**Task objective:** Could you reproduce, word for word, everything below from the line containing "Lista de mai" down to the line containing "Testing the CHTS", with both of those lines included and no others?

**Information provided:**

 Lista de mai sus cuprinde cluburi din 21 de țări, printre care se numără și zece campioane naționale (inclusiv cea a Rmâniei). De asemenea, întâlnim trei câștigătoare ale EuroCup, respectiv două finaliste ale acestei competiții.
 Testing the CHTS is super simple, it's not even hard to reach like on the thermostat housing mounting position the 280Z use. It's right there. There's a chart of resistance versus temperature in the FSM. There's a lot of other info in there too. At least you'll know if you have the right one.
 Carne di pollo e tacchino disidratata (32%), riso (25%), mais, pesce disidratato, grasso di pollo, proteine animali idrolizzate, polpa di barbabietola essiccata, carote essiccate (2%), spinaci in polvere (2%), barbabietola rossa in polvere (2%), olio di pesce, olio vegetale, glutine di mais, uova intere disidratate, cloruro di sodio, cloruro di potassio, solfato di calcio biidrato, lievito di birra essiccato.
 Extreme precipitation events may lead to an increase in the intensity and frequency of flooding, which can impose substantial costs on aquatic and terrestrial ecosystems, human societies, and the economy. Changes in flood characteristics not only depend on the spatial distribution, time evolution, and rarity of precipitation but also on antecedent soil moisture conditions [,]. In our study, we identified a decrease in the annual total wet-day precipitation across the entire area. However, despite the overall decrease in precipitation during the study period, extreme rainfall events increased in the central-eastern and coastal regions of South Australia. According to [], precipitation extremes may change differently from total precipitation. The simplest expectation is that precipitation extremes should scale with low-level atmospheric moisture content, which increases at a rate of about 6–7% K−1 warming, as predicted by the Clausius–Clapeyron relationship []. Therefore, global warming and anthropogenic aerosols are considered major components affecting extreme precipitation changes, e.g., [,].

* * *

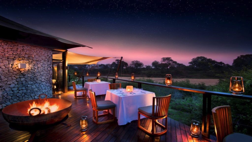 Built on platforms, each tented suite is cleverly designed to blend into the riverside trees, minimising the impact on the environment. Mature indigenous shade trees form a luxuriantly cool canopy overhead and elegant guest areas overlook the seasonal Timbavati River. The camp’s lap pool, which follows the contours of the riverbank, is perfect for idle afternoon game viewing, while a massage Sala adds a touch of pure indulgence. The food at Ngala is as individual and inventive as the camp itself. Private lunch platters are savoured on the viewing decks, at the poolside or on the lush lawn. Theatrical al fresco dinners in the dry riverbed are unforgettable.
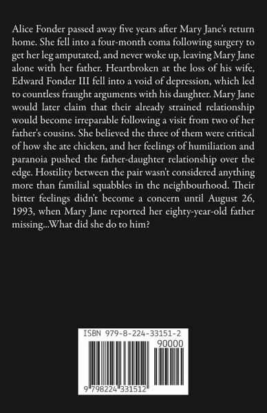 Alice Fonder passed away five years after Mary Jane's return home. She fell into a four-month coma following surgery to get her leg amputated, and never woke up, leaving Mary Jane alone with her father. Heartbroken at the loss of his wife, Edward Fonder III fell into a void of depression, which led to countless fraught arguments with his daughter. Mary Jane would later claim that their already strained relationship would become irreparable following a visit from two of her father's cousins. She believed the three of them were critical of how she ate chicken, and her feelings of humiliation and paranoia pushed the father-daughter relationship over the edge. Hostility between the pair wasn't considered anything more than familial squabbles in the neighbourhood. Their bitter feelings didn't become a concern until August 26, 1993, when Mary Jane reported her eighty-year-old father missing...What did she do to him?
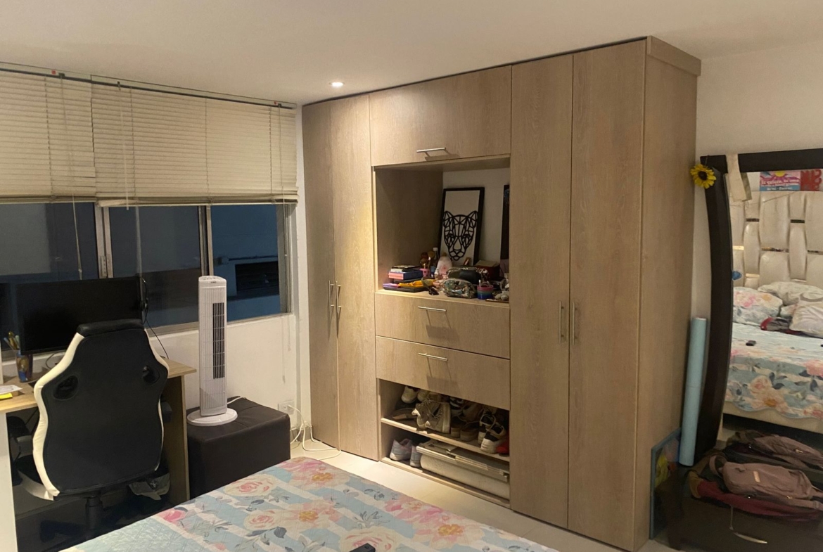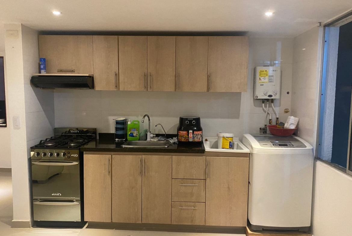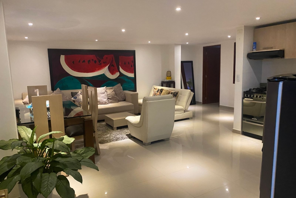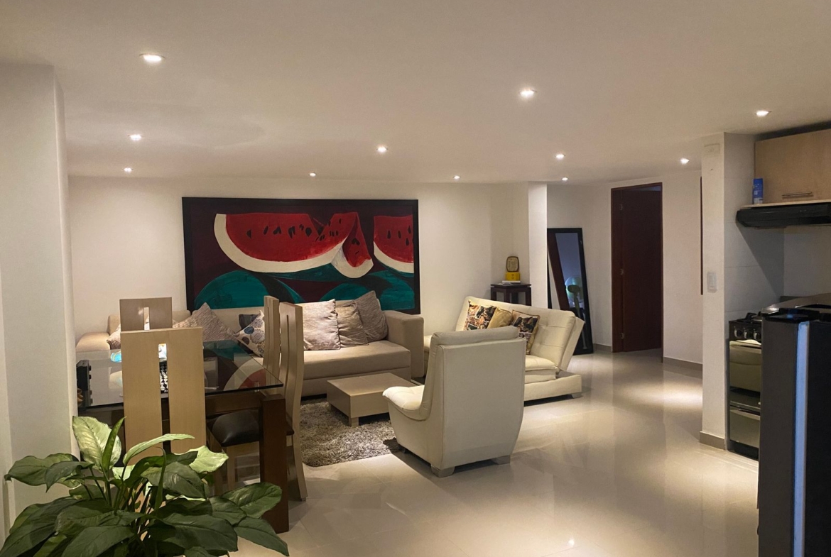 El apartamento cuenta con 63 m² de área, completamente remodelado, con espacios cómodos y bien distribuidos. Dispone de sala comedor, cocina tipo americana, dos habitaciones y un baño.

**Solution:**
 Lista de mai sus cuprinde cluburi din 21 de țări, printre care se numără și zece campioane naționale (inclusiv cea a Rmâniei). De asemenea, întâlnim trei câștigătoare ale EuroCup, respectiv două finaliste ale acestei competiții.
 Testing the CHTS is super simple, it's not even hard to reach like on the thermostat housing mounting position the 280Z use. It's right there. There's a chart of resistance versus temperature in the FSM. There's a lot of other info in there too. At least you'll know if you have the right one.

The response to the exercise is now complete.